Après le très remarqué Otswald, Thomas Flahaut poursuit son exploration de la culture ouvrière. Dans Les Nuits d’été, il explore la fin du monde ouvrier, mais compose aussi un roman de l’intime où se nouent relations amoureuses et amitiés intenses. Son écriture précise et poétique dessine le portrait de jeunes adultes qui se cherchent un destin, entre rêves, espoirs et désillusions.

À la Bpi, niveau 3, 840″20″ FLAH 4 NU

Octobre Liban

Camille Ammoun
Inculte, 2020

À l’automne 2019, en pleine révolution libanaise, le narrateur d’Octobre Liban arpente à Beyrouth une rue longue de plus de quatre kilomètres. Du rond-point de Daoura jusqu’à la place de l’Étoile où siège le parlement, la ville sert de matière pour raconter l’histoire politique récente d’un Liban brisé par la guerre civile, divisé et corrompu, mais porté par une révolte inédite.

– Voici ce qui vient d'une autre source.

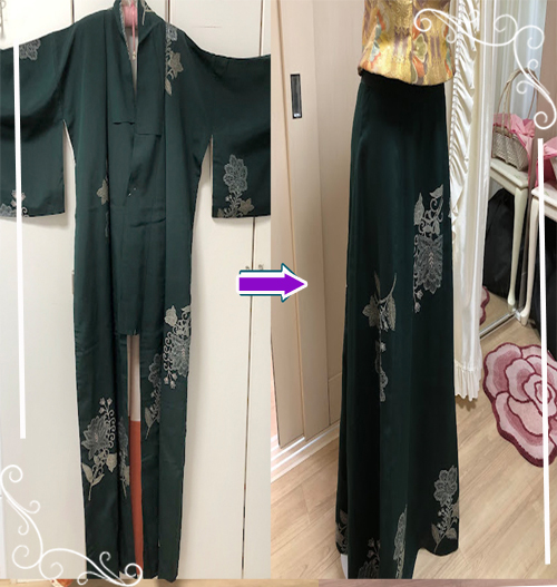 着物からスカートへリメイクしました。柄の繋がりも合わせて作くらせて頂きました。トップスは自由に選べてご着用しやすいリメイクを致しました
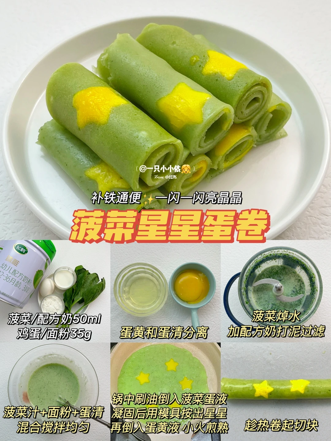 🔹做法:蛋黄和蛋清分离备用;菠菜焯水加配方奶打泥过滤;菠菜汁+面粉+蛋清混合搅拌均匀;锅中刷油倒入菠菜蛋液,凝固后用模具按出星星,再倒入蛋黄液,小火煎熟;趁热卷起切块✅
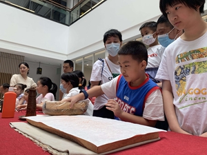 修复师现场指导小读者体验雕版印刷和瓦当传拓技艺
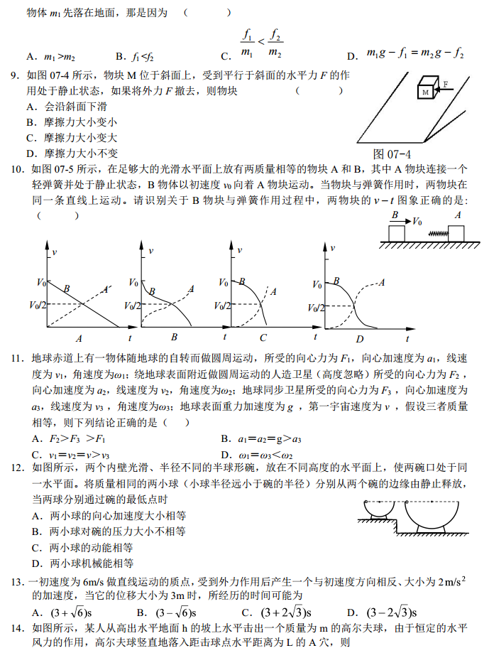 湖北沙市中学2017届高三上学期第三次考试物理试题答案(2)
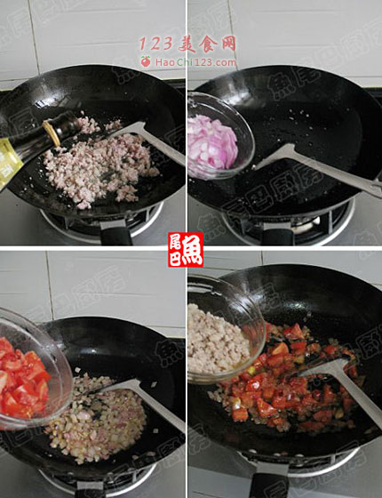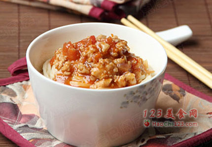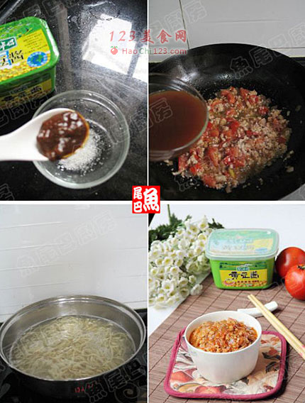 12、夹出,再浇上一勺香喷喷的番茄肉酱,拌匀即可开吃。
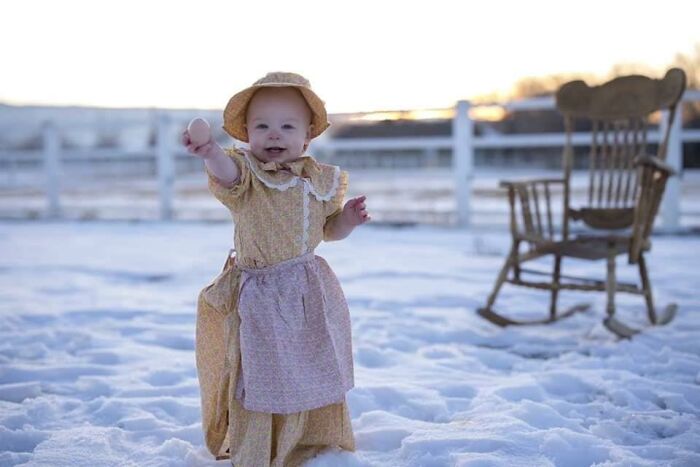 Ooohhh que cuqui, la niña está ideal para una fiesta de disfraces temática de la "Casa de la Pradera".
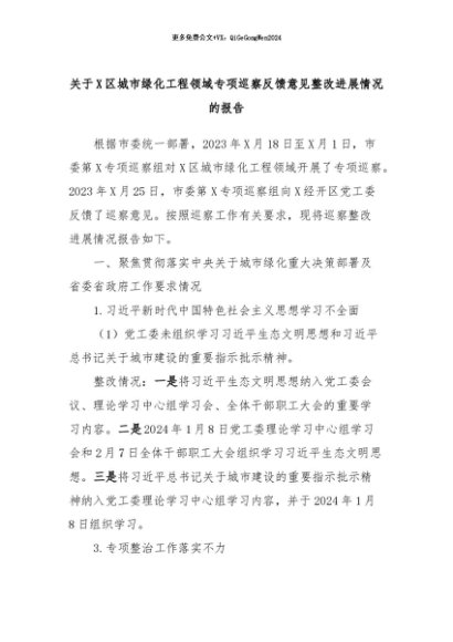 【七哥公文】2024年:关于X区城市绿化工程领域专项巡察反馈意见整改进展情况的报告+更多免费公文+VX:QiGeGongWen2024
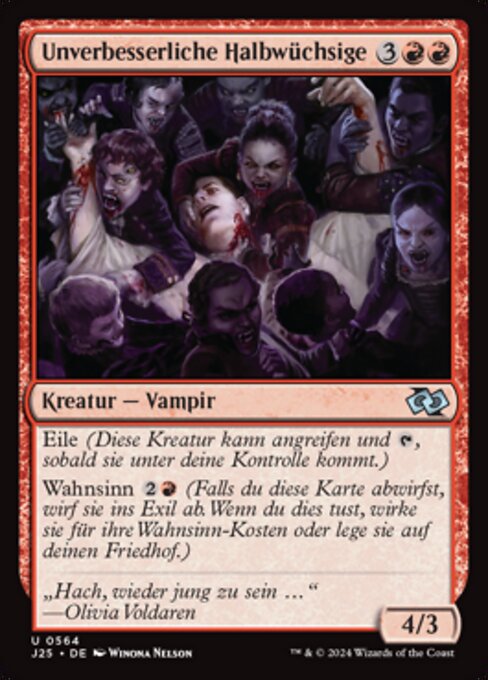 ![]() Variations— Parts— | Incorrigible Youths4 / 3 Haste (This creature can attack and Madness
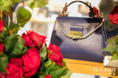濃紺とゴールドの配色が上品なハンドバッグ
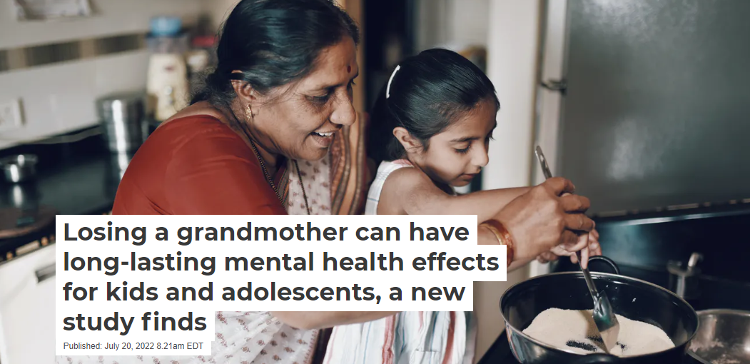 Losing a grandmother can have long-lasting mental health effects for kids and adolescents, a new study finds

Le texte court de Camille Ammoun apparaît d’abord comme un manifeste en faveur de la révolution. L’écriture sensuelle rend la topographie organique pour mieux défendre la réappropriation de la ville par ses habitants et de la nation représentée par un corps social qui se constituerait enfin. « Puis tout s’est arrêté », indique le dernier chapitre. La pandémie et le confinement étouffent dès le printemps 2020 le mouvement populaire, avant que l’explosion du 4 août sur le port de Beyrouth ne mette la ville, littéralement, à terre. Le souffle poétique d’Octobre Liban concourt à maintenir vivante la mémoire d’une époque révolue et d’une organisation urbaine en partie disparue.